**Work required:**
Quote only the lines that start at the line with "Airbus A330-243MRTT с" and run to the end of the entries; omit the pictures.

**Input records:**
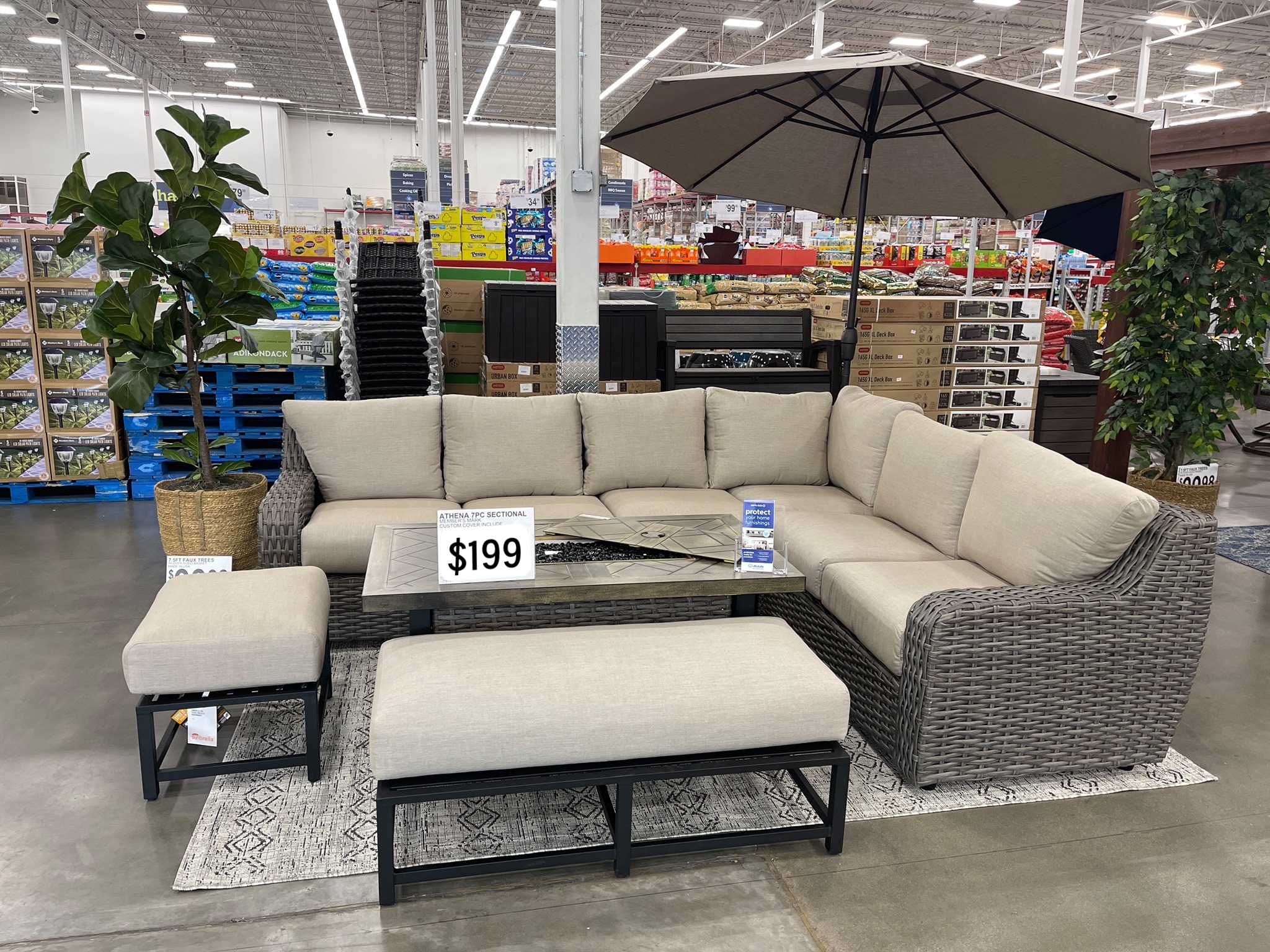 Introducing the Member's Mark Athena 7-Piece Sectional with Firepit, a timeless piece that combines clean lines and sophisticated curves to create a luxurious oasis for your outdoor space. Artfully crafted with heavy-duty, corrosion-resistant, powder-coated steel frames, this sectional is wrapped in hand-woven all-weather resin wicker in a neutral hue to complement any décor.Comfort and Quality
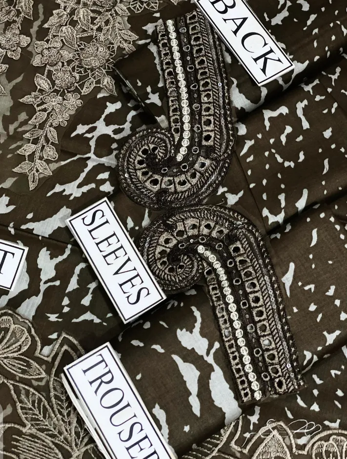 Printed lawn front with heavy embroidered spengle work neck patch with 3D flower attached & heavy daman boarder
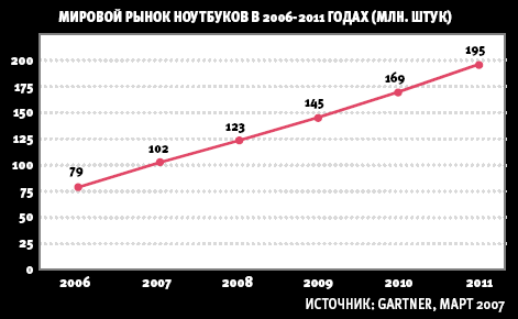Еще в январе нынешнего года аналитики Gartner прогнозировали, что объем мирового рынка ноутбуков составит в этом году 99 млн. штук, а рубеж в 100 млн. будет преодолен лишь в 2008 году. Но уже в марте прогноз был скорректирован в сторону его улучшения — таким образом в Gartner все же согласились с оценками тайваньских производителей ноутбуков, которые высказывались еще в феврале прошлого года. По прогнозам Gartner, среднегодовой рост мирового рынка ноутбуков в 2007-2011 годах должен составить 18%. В России, как утверждают в Intel, ссылаясь на независимые маркетинговые исследования, нынешние темпы роста рынка ноутбуков гораздо выше — более 50% в первом квартале текущего года по сравнению с аналогичным периодом 2006 года
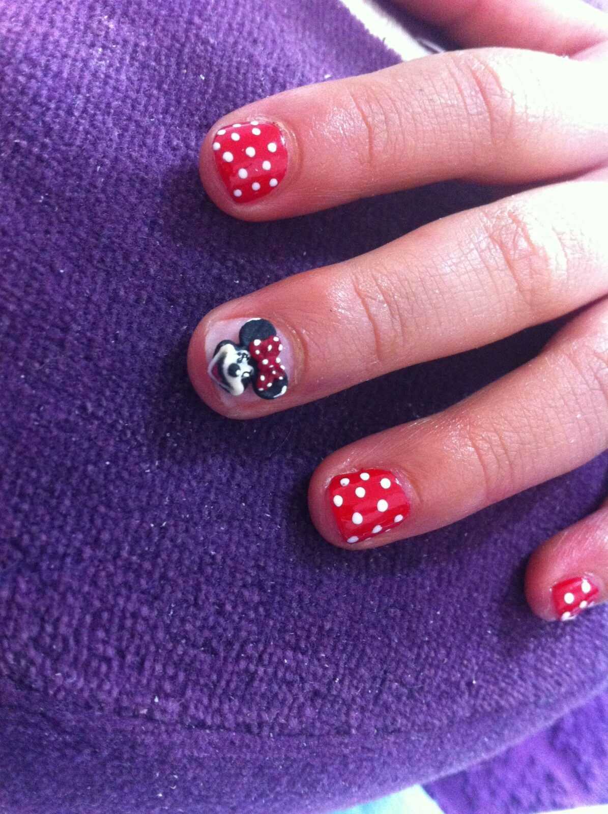Особенность маникюра “Микки” в том, что он будет отлично смотреться в оттенках розового, красного и других ярких и женственных тонах. Чтобы дизайн не выглядел слишком вульгарно и имел самодостаточный вид, мультяшный персонаж изображен на одном ногте, а остальные пальцы оформлены в аналогичном стиле.
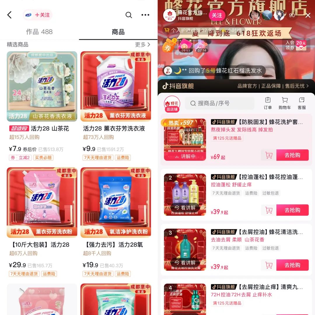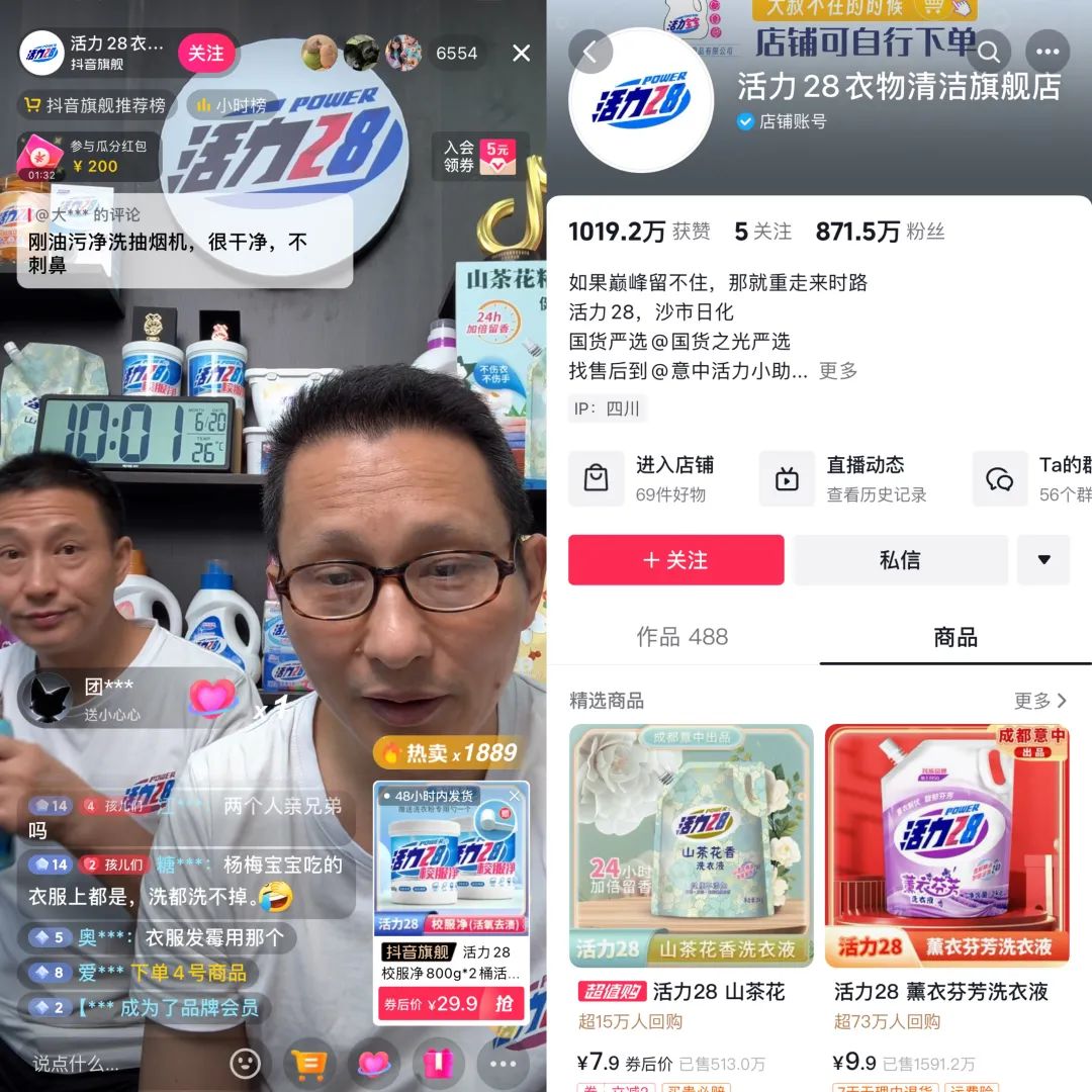 在去年7月拿到活力28的销售授权后,他们主要借助网络平台进行线上售卖,于是创建了抖音号“活力28衣物清洁旗舰店”,自主直播。当时,不管是活力集团还是成都意中,经营状况都不容乐观。
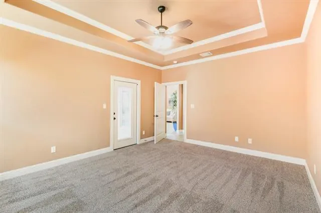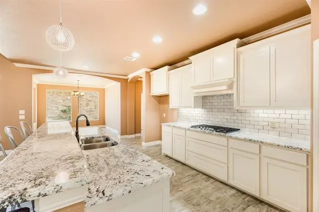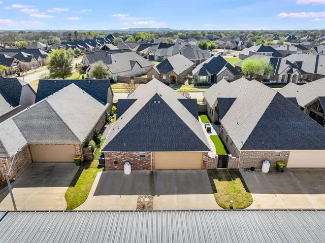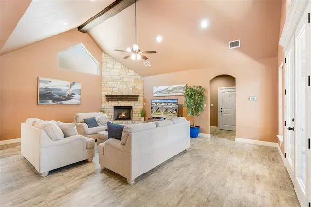 Welcome to effortless living in the gated, sidewalk-lined community of Fountain Village—where comfort, convenience, and low-maintenance living come together beautifully. This thoughtfully designed single-story brick and stone home offers 3 bedrooms, 2 bathrooms, and a 2-car garage, all surrounded by beautifully landscaped grounds. Step inside to an open-concept layout filled with natural light, soaring vaulted ceilings, and large windows that create a bright, airy feel. Wood-look tile flooring throughout the main living areas adds both style and durability. The spacious living room is anchored by a stunning floor-to-ceiling stone fireplace, complemented by a wood-beamed vaulted ceiling and matching mantle that adds warmth and character. The kitchen is designed for both everyday ease and entertaining, featuring abundant granite countertops, white cabinetry, double ovens, a gas cooktop, built-in microwave, breakfast bar seating, and a generous walk-in pantry. It flows seamlessly into the dining and living areas, making gatherings feel natural and comfortable. The private primary suite is a relaxing retreat with direct access to the patio—perfect for morning coffee or quiet evenings. The ensuite bath offers dual vanities and a large walk-in shower with dual sprays for a spa-like experience. Two additional bedrooms provide flexibility for guests, hobbies, or a home office. Enjoy outdoor living under the stunning vaulted ceiling of the large porch inside the fully fenced, low-maintenance yard designed for privacy and relaxation. A spacious laundry room with sink adds everyday convenience. Foam insulation enhances energy efficiency and year-round comfort. The HOA enhances the easy living lifestyle by maintaining the front yard, gated entry, and trash service, while also offering a community pool and clubhouse for socializing and recreation. Move-in ready and designed for easy living—this home lets you spend less time maintaining and more time enjoying life.
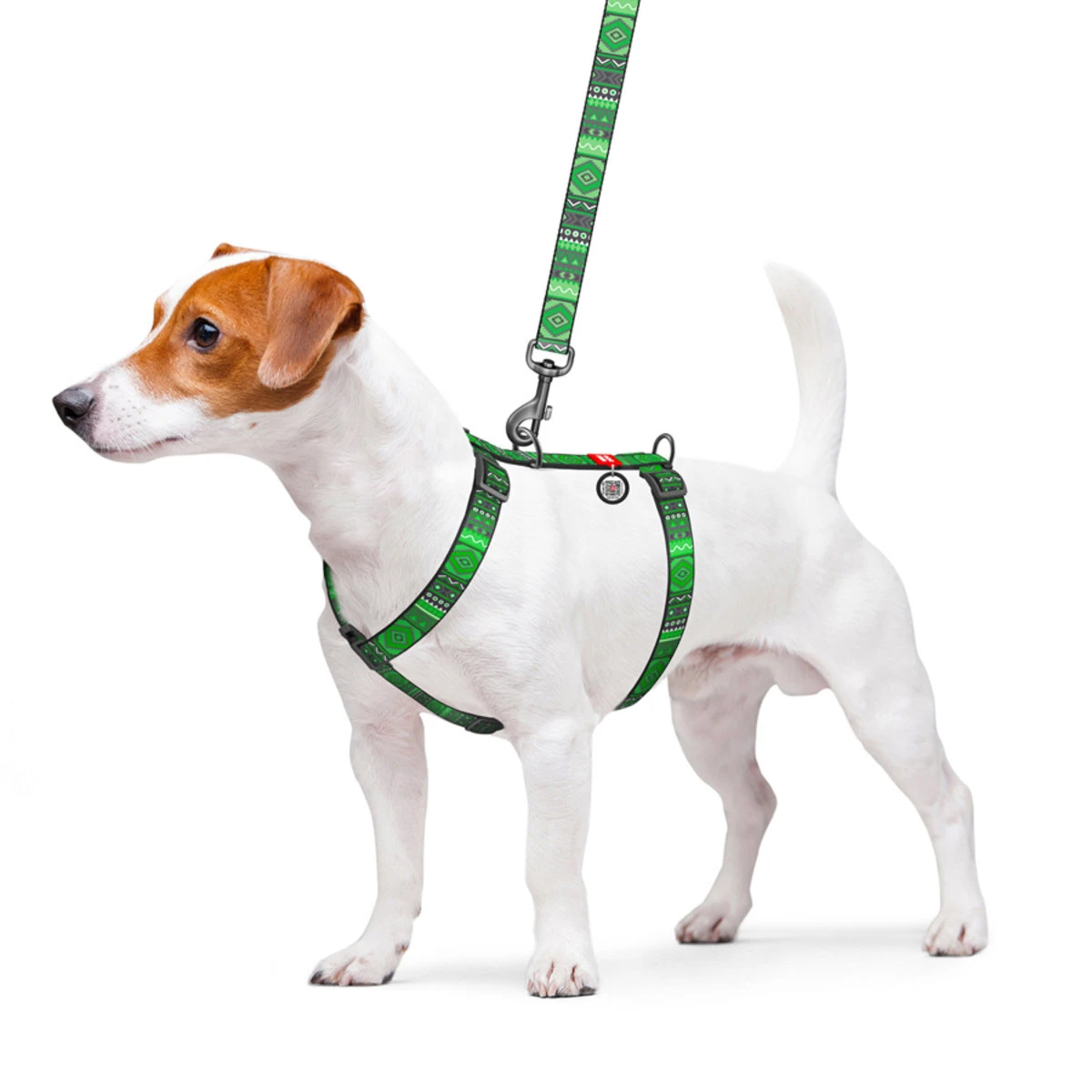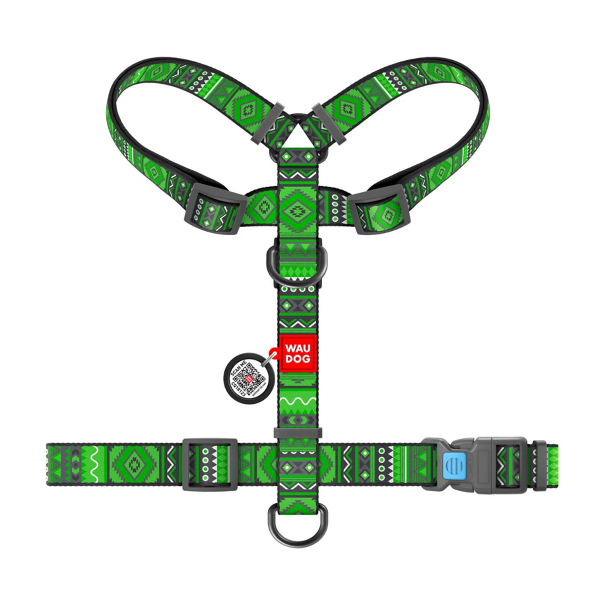 Шлея для собак анатомическая H-образная WAUDOG Nylon с QR-паспортом, рисунок "Этно зеленый", пластиковый фастекс, S, Ш 15 мм, A 30-40, B 30-50
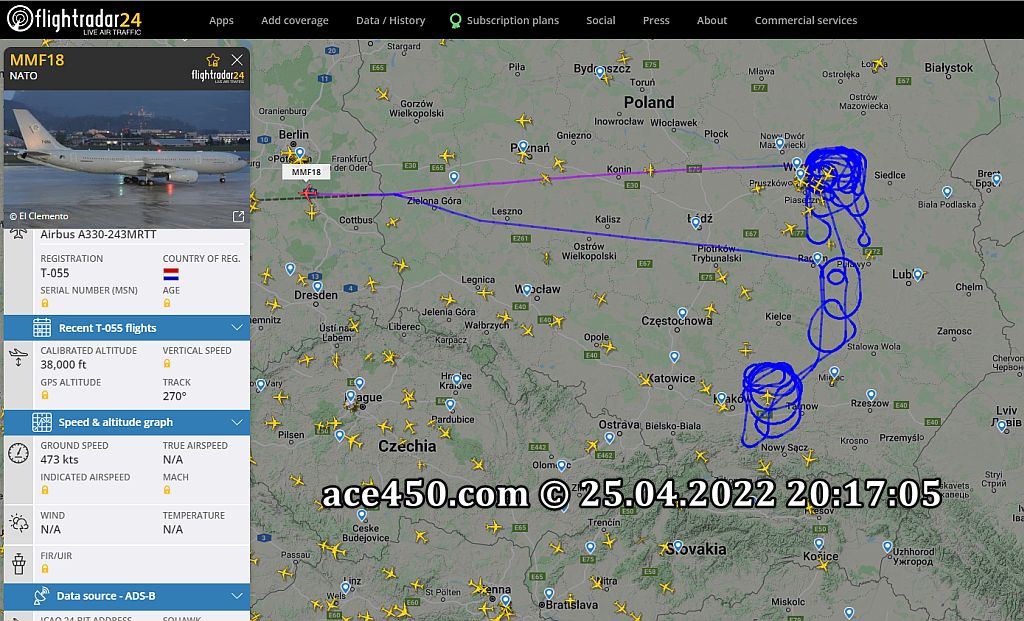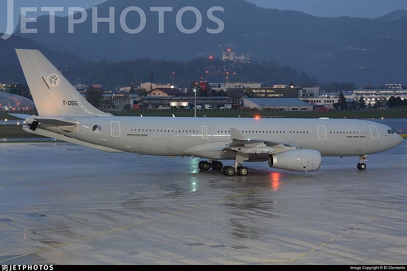 Airbus A330-243MRTT с позывным MMF18 регистрационный номер T-055 и официальной принадлежностью к структурам НАТО возвращается на аэродром в Эйдховене после длительного патрулирования на востоке Польши
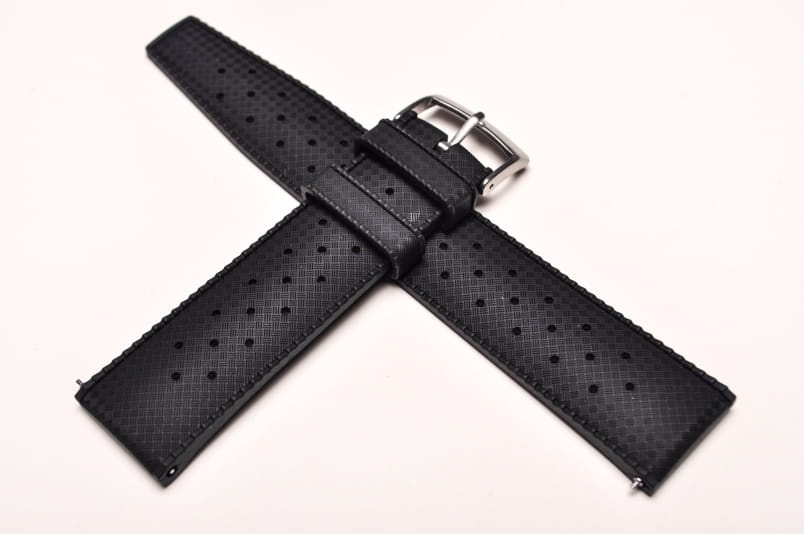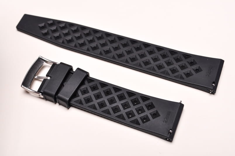 Pasek typu tropic, z charakterystycznymi otworami, wykonany z kauczuku wysokiej jakości. Od strony wierzchniej brzeg paska lekko podniesiony, na spodzie profil zapewniający wentylację. Dwie ruchome szlufki, stalowa klamerka. Fason paska (węższy i równo ucięty koniec) nawiązuje do modeli stosowanych w zegarkach Rolex czy Tudor. Wbudowane teleskopy do szybkiego montażu.

**Worked solution:**
 Airbus A330-243MRTT с позывным MMF18 регистрационный номер T-055 и официальной принадлежностью к структурам НАТО возвращается на аэродром в Эйдховене после длительного патрулирования на востоке Польши
 Pasek typu tropic, z charakterystycznymi otworami, wykonany z kauczuku wysokiej jakości. Od strony wierzchniej brzeg paska lekko podniesiony, na spodzie profil zapewniający wentylację. Dwie ruchome szlufki, stalowa klamerka. Fason paska (węższy i równo ucięty koniec) nawiązuje do modeli stosowanych w zegarkach Rolex czy Tudor. Wbudowane teleskopy do szybkiego montażu.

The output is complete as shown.